We think that in certain cases, reshoring will become more prevalent. For certain core, strategic sectors, economic logic may take a backseat. COVID has laid bare for many the importance of having domestic supply of PPE and pharmaceuticals as an example. For most sectors, however, cost considerations, skill gaps and supply chain holes will make reshoring in the near to medium-term unlikely. This is not a static analysis though, and world-class supply chain organizations are going to need to evaluate their supply strategies on an on-going basis.

While reshoring may not be living up to its hype yet, we continue to see a meaningful increase in China Plus 1 strategies, where companies are lessening their dependence on China and increasing exposure to other LCCs. This movement was gaining steam in the early 2010s but got a major push from U.S. tariffs and increasing Chinese production costs in the last five years. As we observed in our prior investment of an insole producer, Vietnam produced 29% of a leading brand’s footwear in 2006 compared to 31% in China. By 2017, Vietnam accounted for nearly 50% of the brand’s manufacturing. Several types of production are partly relocating to different markets to take advantage of the diverse benefits of Southeast Asian countries. For example, high-labor manufacturing is the most cost-effective in low-wage countries, such as Vietnam, Cambodia, India and Bangladesh. Conversely, electronics manufacturing relies on technology-specific infrastructure, supply chain networks and high-volume production benefits in countries such as Malaysia. While COVID’s impact on production sites has muddied the analysis a bit, the chart below from Kearney clearly illustrates this shift. As a percent of total manufactured imports to the U.S., China has lost nearly 3.50% in the past two years. In that same period, other Asian LCCs increased by a nearly identical percentage. Interestingly, the percent of imports coming from Mexico, another often discussed alternative, saw very little change.

Again, we see these shifts playing out in living color at those companies in our portfolio that are engaged in manufacturing or distribution.
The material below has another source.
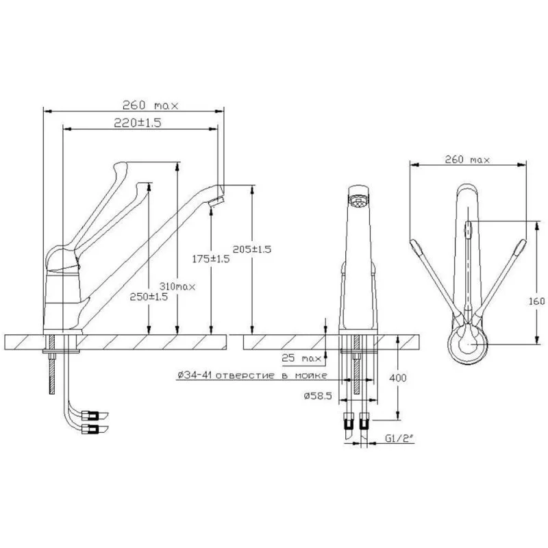 В комплекте | корпус смесителя в сборе – 1 шт.; уплотнительное кольцо – 1 шт.; подводка воды длиной 40 см – 2 шт.; шпилька – 1 шт.; скоба резиновая – 1 шт.; скоба металлическая – 1 шт.; гайка – 1 шт.; руководство по эксплуатации с гарантийным талоном – 1 шт. |

Our companies are actively sourcing in Vietnam, Cambodia, Malaysia, Taiwan, South Korea and India in addition to China. Many of these programs were relocated from 100% China sourced in order to reduce total landed costs, improve supply reliability or both.

For the roughly half of the BPCP portfolio that is engaged in either manufacturing or distribution, supply chain has moved to the top of board agendas during the COVID era. Dennis Wu and our supply chain team have been working closely with each company to navigate this evolving challenge.

Like the shift that occurred in the ‘90s and ‘00s, supply chains are very much in flux at the moment. We believe that understanding the options and being capable of navigating them is a critical advantage to driving growth. The evolution of the global supply chain has and will continue to create a number of opportunities for many businesses. Churchill once said, “An optimist sees opportunity in every difficulty.” While that is true of the current supply chain difficulties, we believe it takes information, knowledge and experience to seize it.